The task:
Your job is to return each record exactly, minus any pictures.

(Stored records)
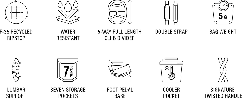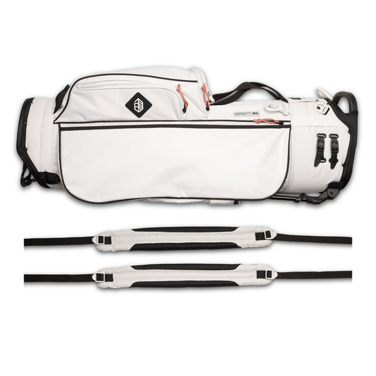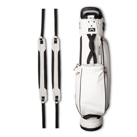 Designed with a versatile single or double shoulder strap configuration the Trouper 3.0 is your ideal companion on the course. A large insulated front cooler pocket has enough space to keep four 16oz cans cold. The two newly improved fleece-lined valuable compartments and seven-pocket design secures valuables while allowing for straightforward access. A large five-way divider allows for simple organization and an easy pull for all 14 clubs even with oversized grips. Simply put the Trouper 3.0 delivers an effortless and reliable experience for any player round after round. Featuring All-New Straps and a bolstered stand mechanism.
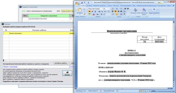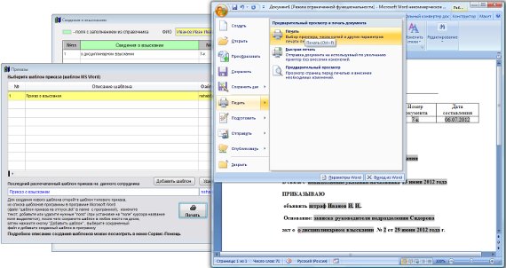 В программе есть возможность формировать приказы в установленном Microsoft Word либо при соответствующей настройке в OpenOffice Writer на базе своих шаблонов.
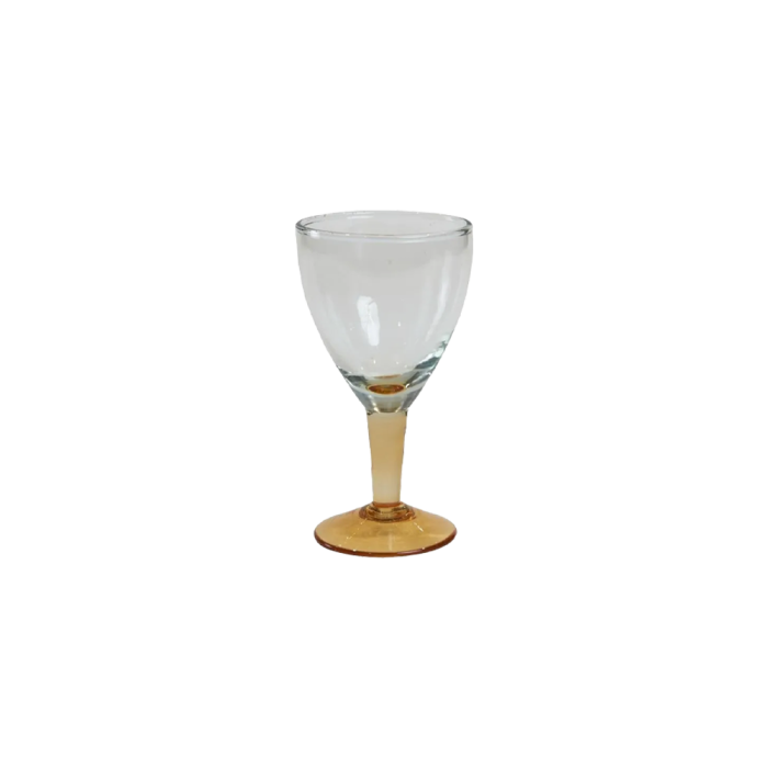 Munblåst och handgjort vinglas med gul fot från Speedsberg. Vinglaset har en bra storlek för både rött och vitt vin. Den färgade foten är en fin detalj för dukningen. Vinglaset finns i flera färger och ingår i glasserien, som även inkluderar champagne- och ölglas.
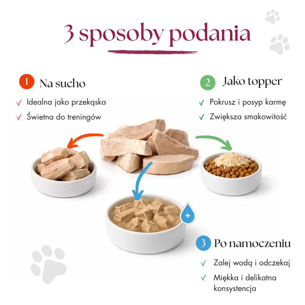 Kosteczki mięsne świetnie sprawdzą się jako smakołyk lub uzupełnienie codziennej diety. Przed podaniem można je namoczyć lub pokruszyć, aby wzbogacić smak posiłku.
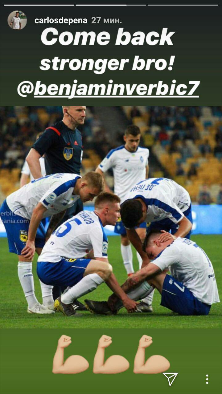 Новичок "Динамо" Карлос де Пена в своем Instagram поддержал Беньямина Вербича, который из-за повреждения не смог продолжить игру с "Шахтером".
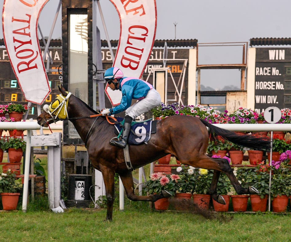 ALDILA (Imran Chisty) and KSEPIMAN (Kirtish Bhagat) in from 2,200m to 1,600m 13, 27, 43s. Both jumped out well. The former was a length better.
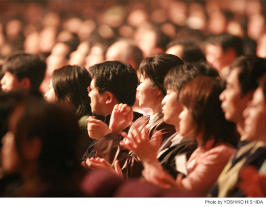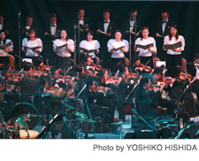 席まで走ってきたせいなのか、いよいよ始まる!と胸が躍っていた為なのか心臓がドキドキしている。そして出演者が一人二人と舞台に現れる。未だ胸の鼓動が収まらないうちに、[Unnatural City II (2002 Ver.)]が流れ始め【第一部】がスタート! 幻想的な雰囲気が漂いいくらか気分が落ち着いてくる。と、しばらくして舞台の左右から静かに西田社中のみなさんが最前列中央に並び始めた(おやっ!? 揃いの和服姿!……カッコイイ!!)。15名のメンバーが揃うや否や[百禽 Hyakkin]を唄い始め、静かな曲から一転パワフルな民謡コーラスが会場に響きわたる!(この曲は2005年に開催された【愛知万博】の『めざめの方舟』で使われた) 興奮のあまり私は一瞬我を忘れた(これだ! これが聴きたかったんだ!)。私と同じようにこの生歌を聴きたいがためにコンサートにこられた方も多かったのでは? 西田社中の方々も晴れの舞台でとても楽しそう。茂戸藤さんが太鼓を叩く。腕ふっと〜い! 力強く演奏する姿はまるで格闘家のようだ。と、ここで突然横から黒い人影が! 撮影用のカメラクルーがレールに乗って入ってきたのだった。右に左にと移動する。“働く男”な感じで興味が湧き、ついつい目がそちらに行ってしまうのであった(いかん、いかん。今日目の前で起きていることは次の機会があるかわからないのだ。コンサートに集中しないと!・笑)
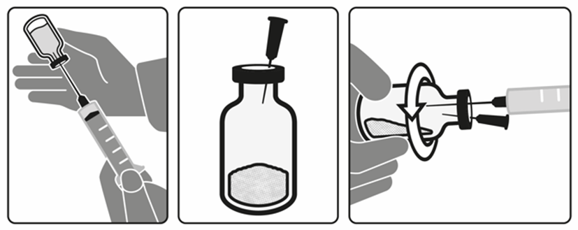 Bered 1 injektionsflaska med pulver med 15 ml spädningsvätska. Det rekommenderas att en 18 G steril överföringskanyl och en 20 ml steril spruta används för beredning av läkemedlet.
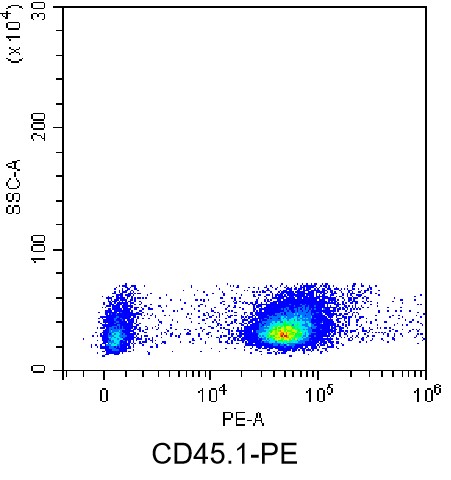 • Staining of splenic lymphocytes from Swiss Jim Lambert mice using PE Anti-CD45.1 Antibody (Clone: A20) (Product No.: G0348). Analyzed data are derived from total live cells.
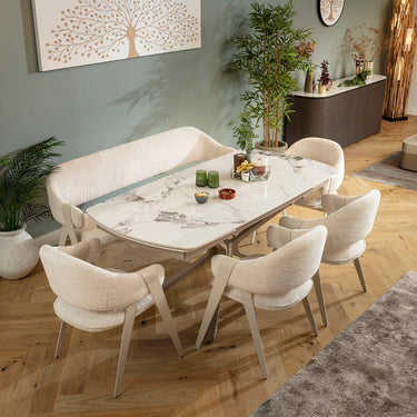 This 7 seater bench dining set includes a marble-effect extendable dining table that blends style with expert engineering in beige and white, with a Freya dining bench featuring a supportive backrest, plus 4 chairs in super-soft cream fabric. This modern dining set is crafted for practicality and comfort.
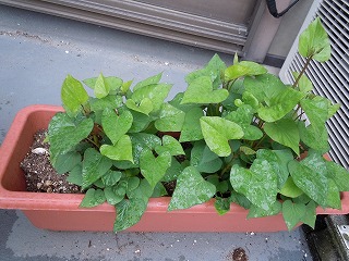 残った芋はプランターに埋めておきました。今は茎が伸びていくつかのつるができています。
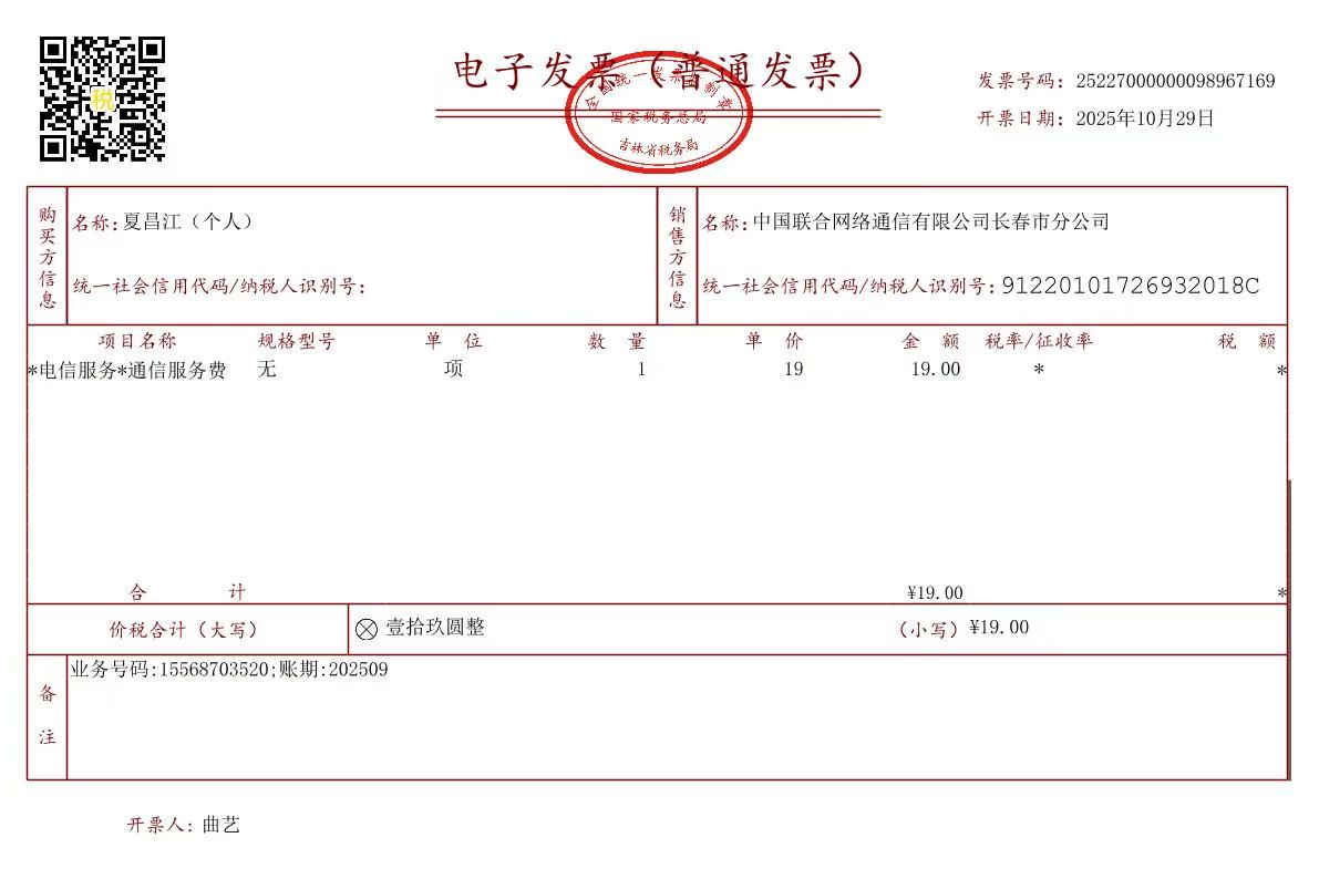 由于联通APP不能通过账单形式显示完整姓名和手机号,特开具发*票形式用于验证,发*票中完整显示了姓名和手机号
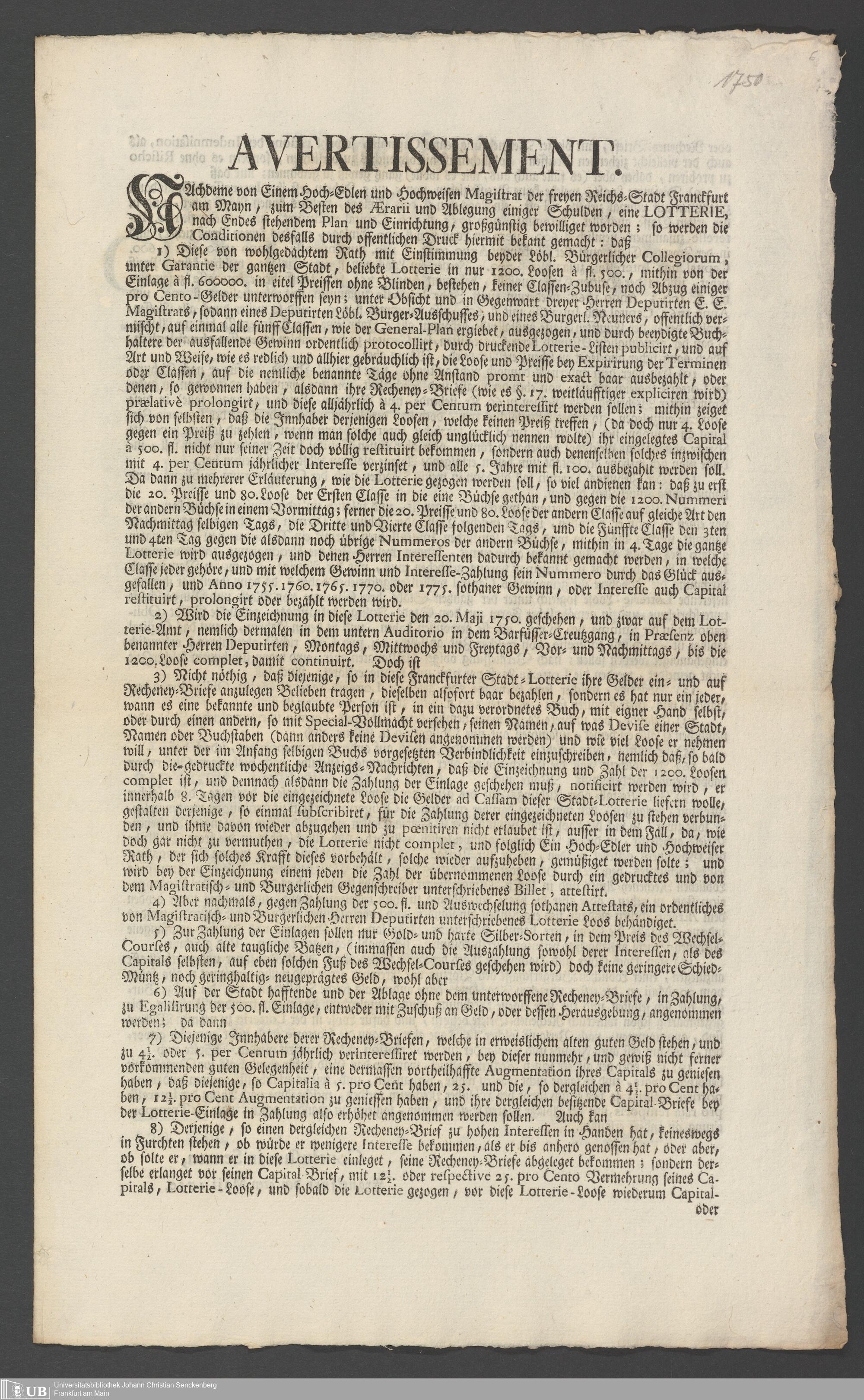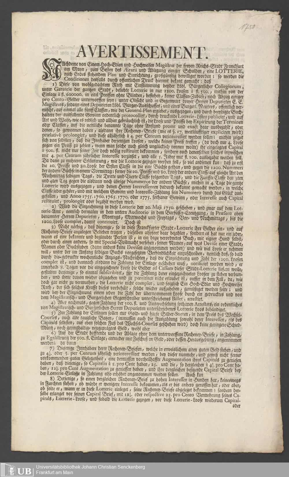 Na 31 Nachlass Johann Christian Senckenberg, 331 - Frankfurter Kapital-Lotterie

Reply to the task:
 Designed with a versatile single or double shoulder strap configuration the Trouper 3.0 is your ideal companion on the course. A large insulated front cooler pocket has enough space to keep four 16oz cans cold. The two newly improved fleece-lined valuable compartments and seven-pocket design secures valuables while allowing for straightforward access. A large five-way divider allows for simple organization and an easy pull for all 14 clubs even with oversized grips. Simply put the Trouper 3.0 delivers an effortless and reliable experience for any player round after round. Featuring All-New Straps and a bolstered stand mechanism.
 В программе есть возможность формировать приказы в установленном Microsoft Word либо при соответствующей настройке в OpenOffice Writer на базе своих шаблонов.
 Munblåst och handgjort vinglas med gul fot från Speedsberg. Vinglaset har en bra storlek för både rött och vitt vin. Den färgade foten är en fin detalj för dukningen. Vinglaset finns i flera färger och ingår i glasserien, som även inkluderar champagne- och ölglas.
 Kosteczki mięsne świetnie sprawdzą się jako smakołyk lub uzupełnienie codziennej diety. Przed podaniem można je namoczyć lub pokruszyć, aby wzbogacić smak posiłku.
 Новичок "Динамо" Карлос де Пена в своем Instagram поддержал Беньямина Вербича, который из-за повреждения не смог продолжить игру с "Шахтером".
 ALDILA (Imran Chisty) and KSEPIMAN (Kirtish Bhagat) in from 2,200m to 1,600m 13, 27, 43s. Both jumped out well. The former was a length better.
 席まで走ってきたせいなのか、いよいよ始まる!と胸が躍っていた為なのか心臓がドキドキしている。そして出演者が一人二人と舞台に現れる。未だ胸の鼓動が収まらないうちに、[Unnatural City II (2002 Ver.)]が流れ始め【第一部】がスタート! 幻想的な雰囲気が漂いいくらか気分が落ち着いてくる。と、しばらくして舞台の左右から静かに西田社中のみなさんが最前列中央に並び始めた(おやっ!? 揃いの和服姿!……カッコイイ!!)。15名のメンバーが揃うや否や[百禽 Hyakkin]を唄い始め、静かな曲から一転パワフルな民謡コーラスが会場に響きわたる!(この曲は2005年に開催された【愛知万博】の『めざめの方舟』で使われた) 興奮のあまり私は一瞬我を忘れた(これだ! これが聴きたかったんだ!)。私と同じようにこの生歌を聴きたいがためにコンサートにこられた方も多かったのでは? 西田社中の方々も晴れの舞台でとても楽しそう。茂戸藤さんが太鼓を叩く。腕ふっと〜い! 力強く演奏する姿はまるで格闘家のようだ。と、ここで突然横から黒い人影が! 撮影用のカメラクルーがレールに乗って入ってきたのだった。右に左にと移動する。“働く男”な感じで興味が湧き、ついつい目がそちらに行ってしまうのであった(いかん、いかん。今日目の前で起きていることは次の機会があるかわからないのだ。コンサートに集中しないと!・笑)
 Bered 1 injektionsflaska med pulver med 15 ml spädningsvätska. Det rekommenderas att en 18 G steril överföringskanyl och en 20 ml steril spruta används för beredning av läkemedlet.
 • Staining of splenic lymphocytes from Swiss Jim Lambert mice using PE Anti-CD45.1 Antibody (Clone: A20) (Product No.: G0348). Analyzed data are derived from total live cells.
 This 7 seater bench dining set includes a marble-effect extendable dining table that blends style with expert engineering in beige and white, with a Freya dining bench featuring a supportive backrest, plus 4 chairs in super-soft cream fabric. This modern dining set is crafted for practicality and comfort.
 残った芋はプランターに埋めておきました。今は茎が伸びていくつかのつるができています。
 由于联通APP不能通过账单形式显示完整姓名和手机号,特开具发*票形式用于验证,发*票中完整显示了姓名和手机号
 Na 31 Nachlass Johann Christian Senckenberg, 331 - Frankfurter Kapital-Lotterie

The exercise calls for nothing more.